Alexander Colomé in, Jake Diekman out of shaky bullpen

The White Sox’ bullpen woke up Tuesday with a 6.86 ERA that was the highest in the majors, as clear a sign as any of the unit’s struggles this season.

Diekman became a fan-favorite target for frustration after Hahn made him the team’s lone acquisition at last summer’s trade deadline, and his performance did nothing to change hearts and minds. He finished his White Sox tenure with a gigantic 7.04 ERA, including a 7.94 mark during the first month of this season. A career-high 10.3 walks per nine innings was glaringly bad, though the White Sox did not rid themselves of their team-wide walk problem just by designating Diekman for assignment Tuesday.

Though described as a leader in the White Sox’ bullpen, Diekman obviously wasn’t getting the job done.

Joe Kelly, who impressed by striking out the side in what was just his fifth appearance of the season Sunday, will be gone from the team for a few days, placed on the paternity list Tuesday. The bullpen will also be without Reynaldo López for a little bit, per Grifol, after the de facto closer was removed from Sunday’s game with bicep fatigue.

So it’s a whirlwind of change for the relief corps, one that’s not expected to cease anytime soon, what with Crochet and Hendriks nearing their returns to a big league mound. To replace Diekman and the temporarily absent Kelly, the White Sox called on old friend Colomé, as well as Sammy Peralta.

Peralta turned in a 3.52 ERA in his 15.1 Triple-A innings, but Colomé, who had a 2.25 ERA in eight innings, will be of greater interest to those who watched him do a more-than-competent job as the White Sox’ closer in 2019 and 2020. The team obviously upgraded with Hendriks before the 2021 season, but Colomé saved 42 games and had a 2.27 ERA — including a microscopic 0.81 mark during the shortened 2020 campaign — as a South Sider.

Back after a two-year sojourn through Minnesota and Colorado that featured far less impressive results, he likely won’t be expected to be a part of the team’s struggling back-end group. But considering the sky-high ERAs of high-leverage guys like López (8.76), Kelly (7.71), Aaron Bummer (9.64), Jimmy Lambert (6.92) and Kendall Graveman (5.56), it would seem any solution would be welcome.

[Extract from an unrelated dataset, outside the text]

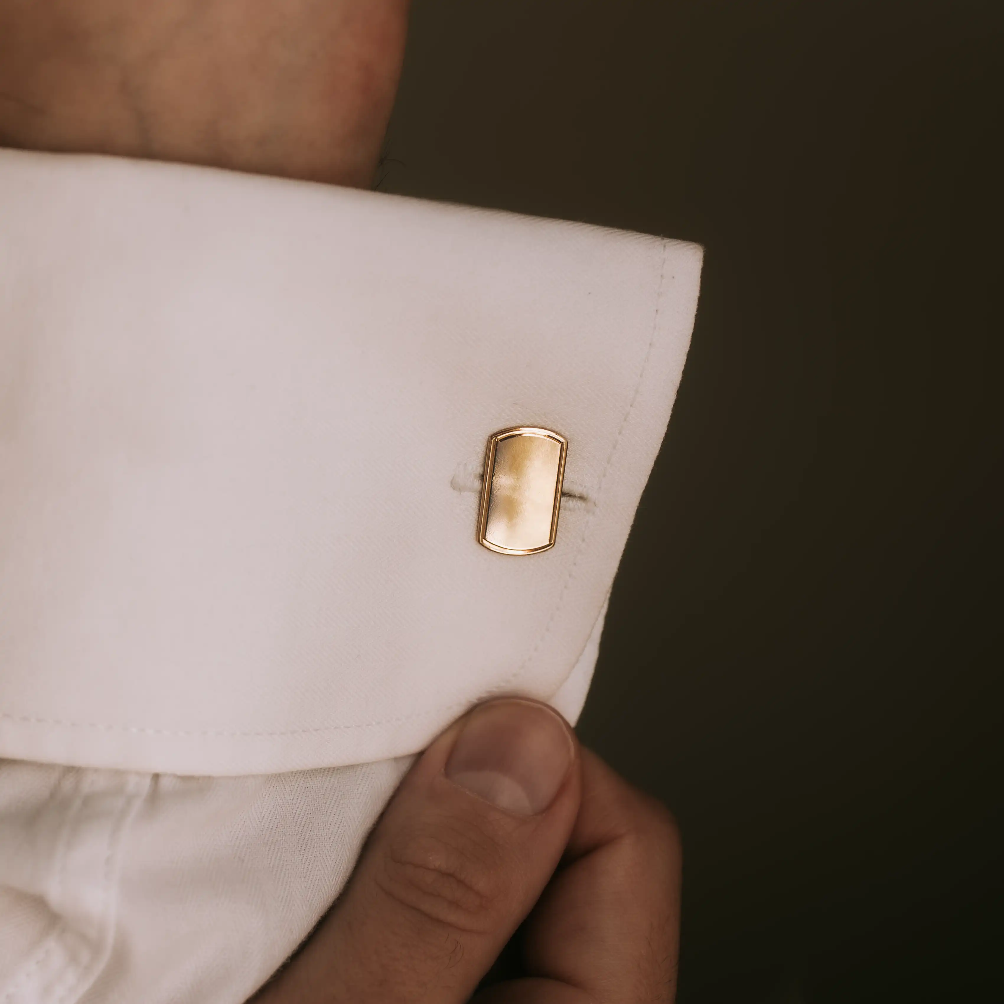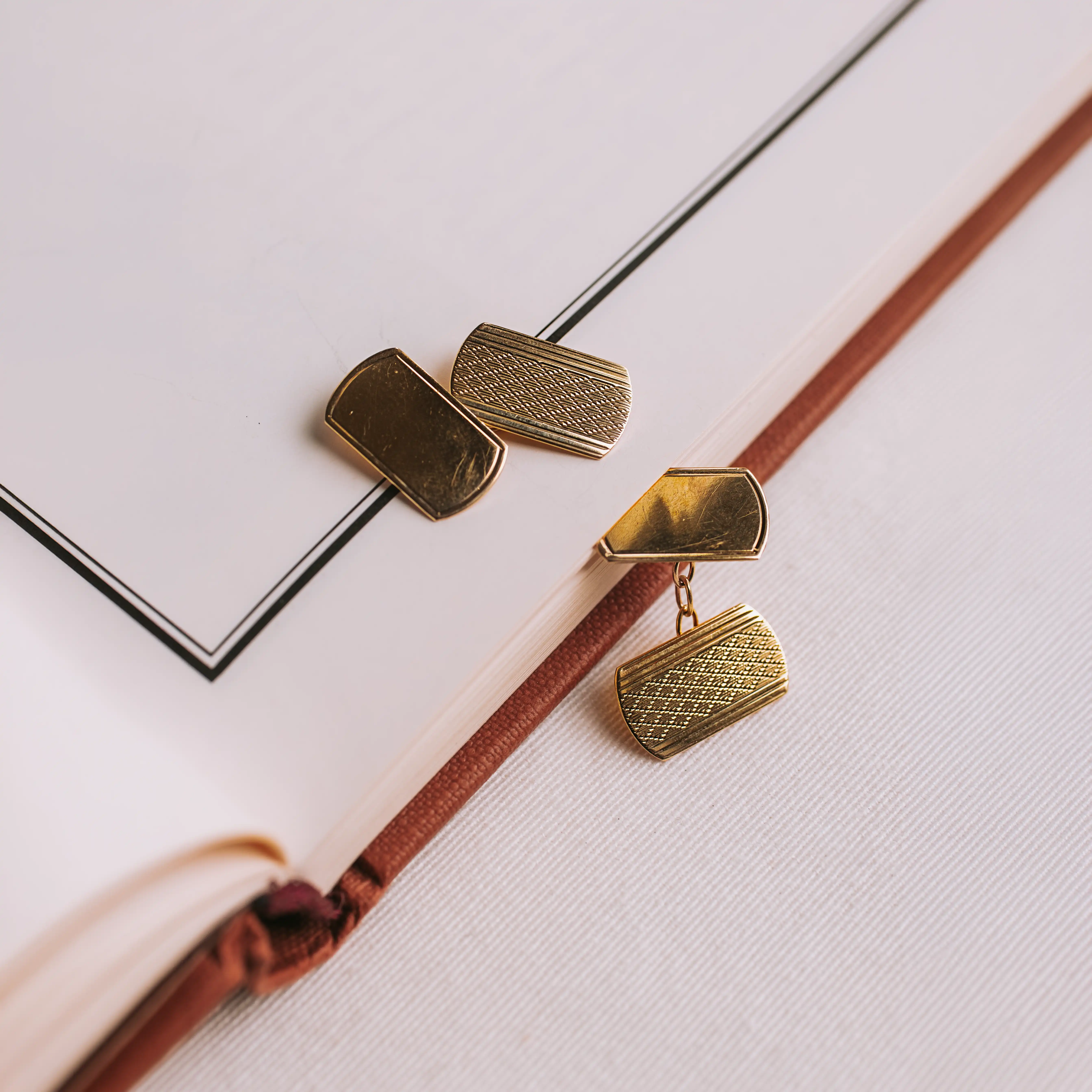 Gemelos vintage de oro amarillo con forma rectangular con motivos geométricos flanqueados por líneas paralelas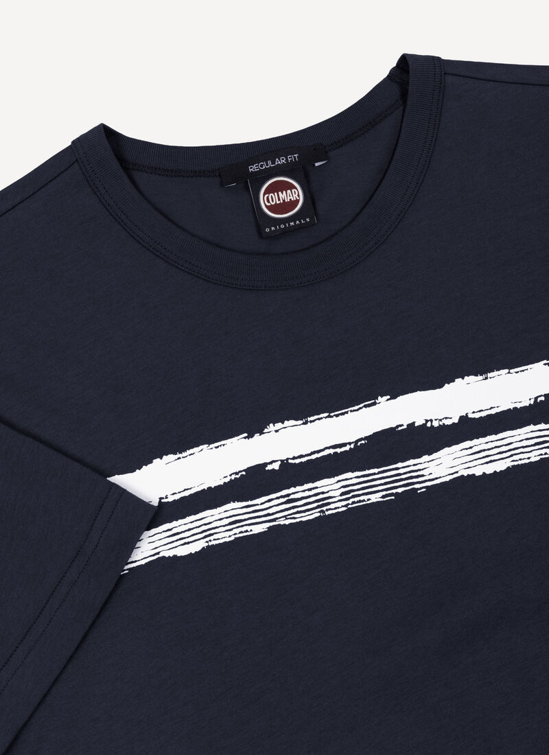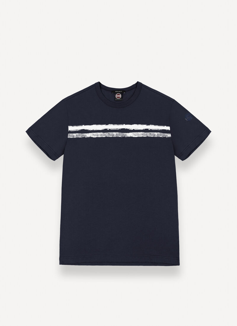 Dal fit classico, questa t-shirt a girocollo da uomo si distingue per la stampa grafica a righe sul petto, che aggiunge carattere e un tocco dinamico. Realizzata in morbido jersey di cotone, garantisce comfort in ogni momento della giornata, ideale per accompagnare dal tempo libero alle attività più dinamiche con stile e praticità. Perfetta anche in abbinamento al costume Mod. 7294 9AW per un look da spiaggia.

“There’s nothing more that I would love (than) to have our starters go six or seven and (use) only two relievers and then go home, and then get up and do it again the next day,” Grifol said. “That’s not the way this game goes.

“April wasn’t a good month for us as a team. It certainly was a taxing month for the bullpen. But they continue to work, they know what their job is. They’re professionals, they’ve done it before. I’m certain they’re going to fix things and do their job and perform.”

Lenyn Sosa wasn’t the immediate answer at second base

Second base continues to be a trouble spot in the White Sox’ lineup, likely spurring fans to reactions along the lines of, “What else is new?”

Sosa’s time as the regular at the position was always going to be limited to Anderson’s stay on the injured list, and with Anderson returning, the original alignment of Anderson at shortstop and Elvis Andrus at second base will return.

With Andrus off to a poor start — he came into Tuesday night batting .206 — there was hope by some fans that Sosa would impress enough to usurp the everyday role. As unlikely as that might have been, considering Andrus’ veteran status, that he was the team’s offseason addition to play the position and his role as a clubhouse leader, Sosa didn’t do anything to force the issue, and he returns to Triple-A after posting an abysmal slash line of .151/.167/.245 in a handful of games. A few notable defensive miscues probably didn’t make the decision to send him back any tougher.

“He just needs to recalibrate his game and do what he did two days ago, right? Which was he put the ball in play, get on base any way he can, run the bases the way you’re supposed to run them and then score runs,” Grifol said. “That’s his job: play defense and score runs. If you simplify to that right there, there’s a lot of things that fall under those two umbrellas.

“He’s young, he’s talented. Just go do those things down there and continue to develop.”